Exercise objective: Everything from the line that has "This 11 × 8.5" to the last line of the listing must be repeated exactly, and nothing more; omit the pictures.

Data for this task:
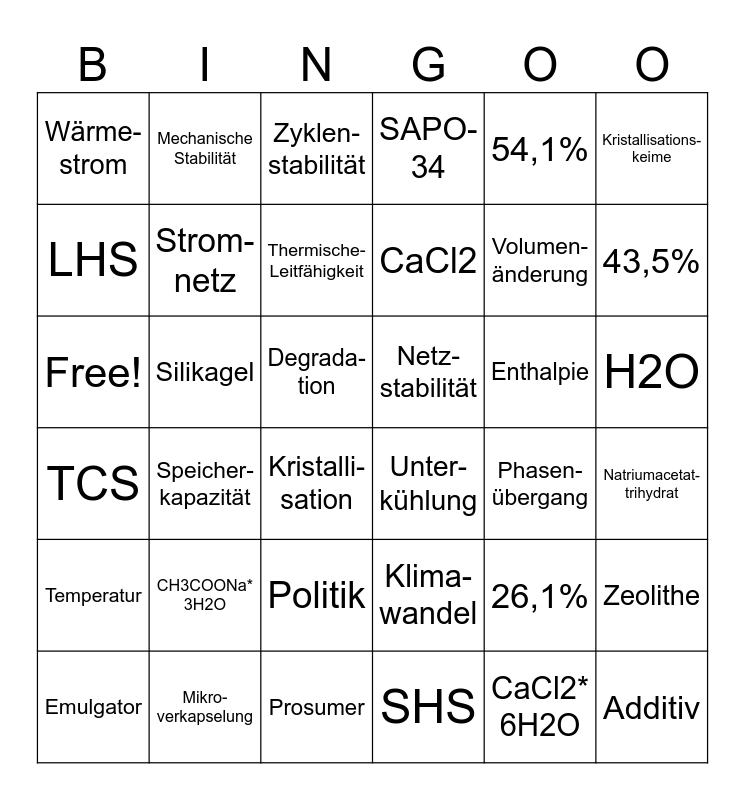 This bingo card has 36 words: Klima- wandel, Politik, SHS, LHS, TCS, Netz- stabilität, Strom- netz, Prosumer, 54,1%, 26,1%, 43,5%, SAPO-34, Zeolithe, Silikagel, CaCl2, Wärme- strom, Temperatur, Enthalpie, Free!, Zyklen- stabilität, Degrada- tion, Speicher- kapazität, Unter- kühlung, Kristalli- sation, Phasen- übergang, Mechanische Stabilität, Volumen- änderung, Mikro- verkapselung, Thermische- Leitfähigkeit, Kristallisations- keime, Additiv, Emulgator, Natriumacetat- trihydrat, H2O, CH3COONa* 3H2O and CaCl2* 6H2O.
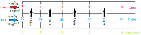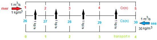 with Cs(n) and Cr(n) the location dependent concentrations in the sea and river water compartments, Csi the sea water inlet concentration and Cro the river water outlet concentration.
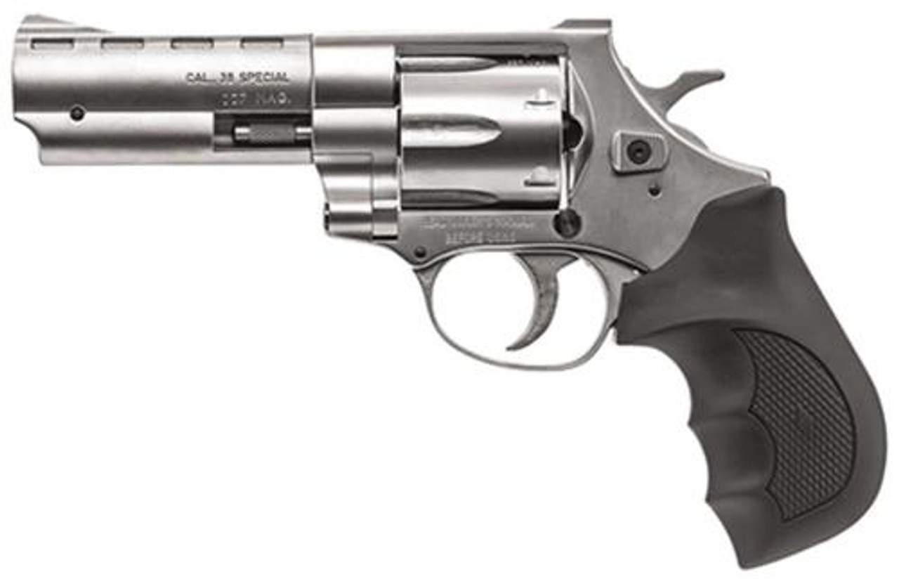 his 357 Magnum has a steel frame with a 4″ barrel and a nickel metal finish.
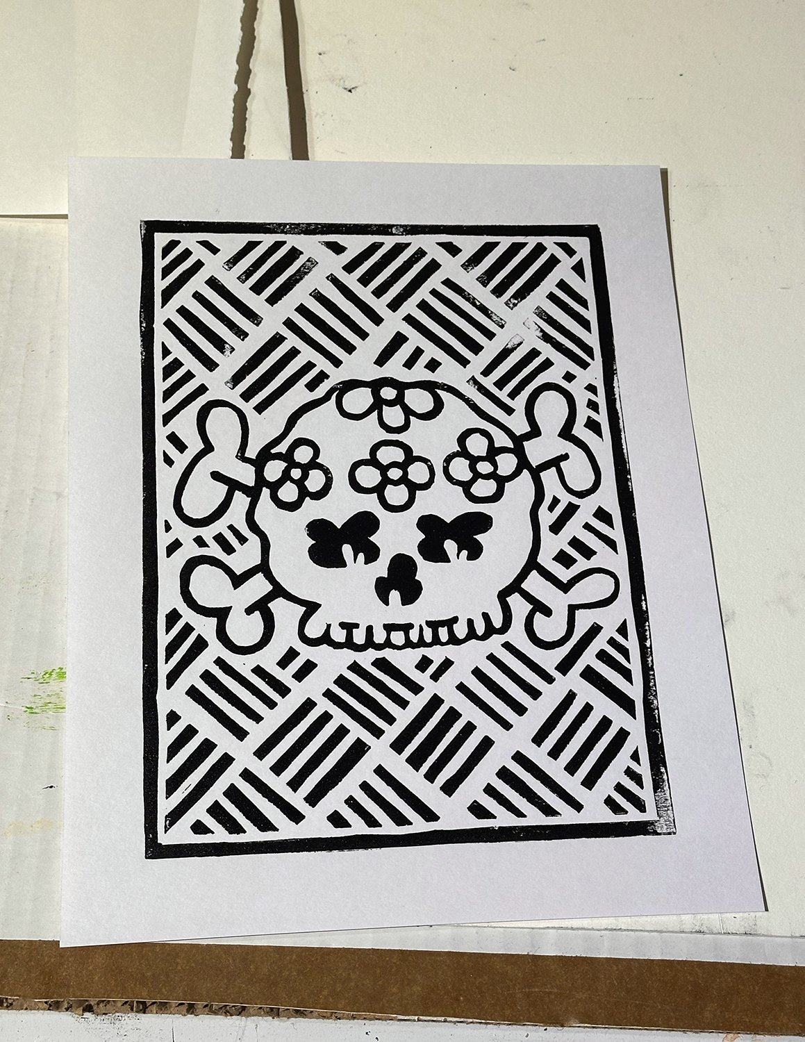 This 11 × 8.5 inch Ofrenda linocut print is hand-printed using rich black Cranfield relief ink on BFK Rives printmaking paper, known for its soft texture and archival quality. Each print is pulled by hand, resulting in subtle variations that make every impression uniquely its own.
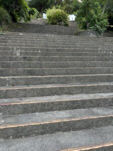 上伊那地域にある短期大学構内の屋外階段。昨年、取材で訪ねた時に短大の関係者から「108段です」と聞いた。たまたまなのか、煩悩の数と一緒。先日、再び取材で訪ねた折に上りながら数えてみた。50段を過ぎると煩わしくなり、途中で挫折。108まで数えるだけの単純作業につまずき、精進が足りないと痛感した。(晋)
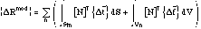 ハイブリッド解析領域を有限要素分割し,各力学量をベクトル表記すると次のように表すことができる.
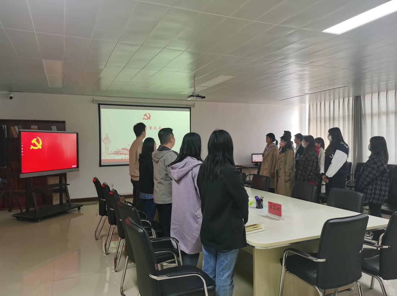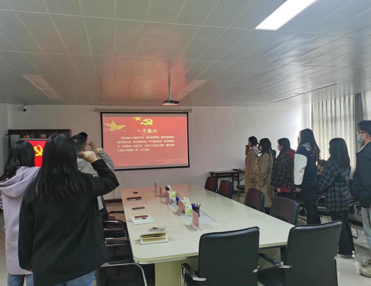 本次宣誓大会严格按照会议流程举行,学生艺术设计支部组织委员倪磊带领预备党员赵倩倩等六名同志进行了庄严宣誓。预备党员赵倩倩代表预备党员进行了表态发言。党总支副书记赵巍向预备党员表示祝贺,希望大家以党员的身份严格要求自己,不忘初心,牢记使命。

Solution for this exercise:
 This 11 × 8.5 inch Ofrenda linocut print is hand-printed using rich black Cranfield relief ink on BFK Rives printmaking paper, known for its soft texture and archival quality. Each print is pulled by hand, resulting in subtle variations that make every impression uniquely its own.
 上伊那地域にある短期大学構内の屋外階段。昨年、取材で訪ねた時に短大の関係者から「108段です」と聞いた。たまたまなのか、煩悩の数と一緒。先日、再び取材で訪ねた折に上りながら数えてみた。50段を過ぎると煩わしくなり、途中で挫折。108まで数えるだけの単純作業につまずき、精進が足りないと痛感した。(晋)
 ハイブリッド解析領域を有限要素分割し,各力学量をベクトル表記すると次のように表すことができる.
 本次宣誓大会严格按照会议流程举行,学生艺术设计支部组织委员倪磊带领预备党员赵倩倩等六名同志进行了庄严宣誓。预备党员赵倩倩代表预备党员进行了表态发言。党总支副书记赵巍向预备党员表示祝贺,希望大家以党员的身份严格要求自己,不忘初心,牢记使命。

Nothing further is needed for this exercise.